Statistical and Computational Genetics, Wellcome Trust Sanger Institute, Cambs, UK
Hum Mol Genet. 2011 Oct 15;20(R2):R182-8. doi: 10.1093/hmg/ddr378. Epub 2011 Aug 25.
Attempting to classify patients into high or low risk for disease onset or outcomes is one of the cornerstones of epidemiology. For some (but by no means all) diseases, clinically usable risk prediction can be performed using classical risk factors such as body mass index, lipid levels, smoking status, family history and, under certain circumstances, genetics (e.g. BRCA1/2 in breast cancer). The advent of genome-wide association studies (GWAS) has led to the discovery of common risk loci for the majority of common diseases. These discoveries raise the possibility of using these variants for risk prediction in a clinical setting. We discuss the different ways in which the predictive accuracy of these loci can be measured, and survey the predictive accuracy of GWAS variants for 18 common diseases. We show that predictive accuracy from genetic models varies greatly across diseases, but that the range is similar to that of non-genetic risk-prediction models. We discuss what factors drive differences in predictive accuracy, and how much value these predictions add over classical predictive tests. We also review the uses and pitfalls of idealized models of risk prediction. Finally, we look forward towards possible future clinical implementation of genetic risk prediction, and discuss realistic expectations for future utility.

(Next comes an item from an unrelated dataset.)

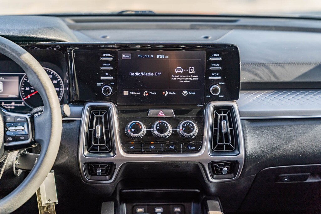 This vehicle comes equipped with Ford Blue Certified Eligible Certified, 3.798 Axle Ratio, 3rd row seats: split-bench, 4-Wheel Disc Brakes, 6 Speakers, 7.0J x 17" Alloy Wheels, ABS brakes, Air Conditioning, Alloy wheels, AM/FM radio, Apple CarPlay & Android Auto, Auto High-beam Headlights, Brake assist, Bumpers: body-color, Carpet Floor Mats, Cloth Seat Trim, Delay-off headlights, Driver door bin, Driver vanity mirror, Dual front impact airbags, Dual front side impact airbags, Electronic Stability Control, Exterior Parking Camera Rear, Four wheel independent suspension, Front anti-roll bar, Front Bucket Seats, Front Center Armrest, Front reading lights, Fully automatic headlights, Heated door mirrors, Illuminated entry, Knee airbag, Low tire pressure warning, Occupant sensing airbag, Outside temperature display, Overhead airbag, Overhead console, Panic alarm, Passenger door bin, Passenger vanity mirror, Power door mirrors, Power steering, Power windows, Radio data system, Radio: AM/FM Audio System, Rear anti-roll bar, Rear reading lights, Rear seat center armrest, Rear window defroster, Rear window wiper, Remote keyless entry, Security system, Speed control, Speed-sensing steering, Split folding rear seat, Spoiler, Steering wheel mounted audio controls, Tachometer, Telescoping steering wheel, Tilt steering wheel, Traction control, Trip computer, Turn signal indicator mirrors, and Variably intermittent wipers.

试图将患者分为疾病发病或结局的高风险或低风险人群是流行病学的基石之一。对于某些(但绝不是全部)疾病,可以使用经典的风险因素(如体重指数、血脂水平、吸烟状况、家族史,在某些情况下,还有遗传学(如乳腺癌中的 BRCA1/2))进行临床可用的风险预测。全基因组关联研究(GWAS)的出现导致了大多数常见疾病的常见风险位点的发现。这些发现提出了在临床环境中使用这些变体进行风险预测的可能性。我们讨论了衡量这些位点预测准确性的不同方法,并调查了 GWAS 变体对 18 种常见疾病的预测准确性。我们表明,遗传模型的预测准确性在疾病之间差异很大,但范围与非遗传风险预测模型相似。我们讨论了哪些因素导致预测准确性的差异,以及这些预测相对于经典预测测试增加了多少价值。我们还回顾了风险预测理想化模型的用途和陷阱。最后,我们展望了遗传风险预测在未来临床实施的可能性,并讨论了对未来效用的现实期望。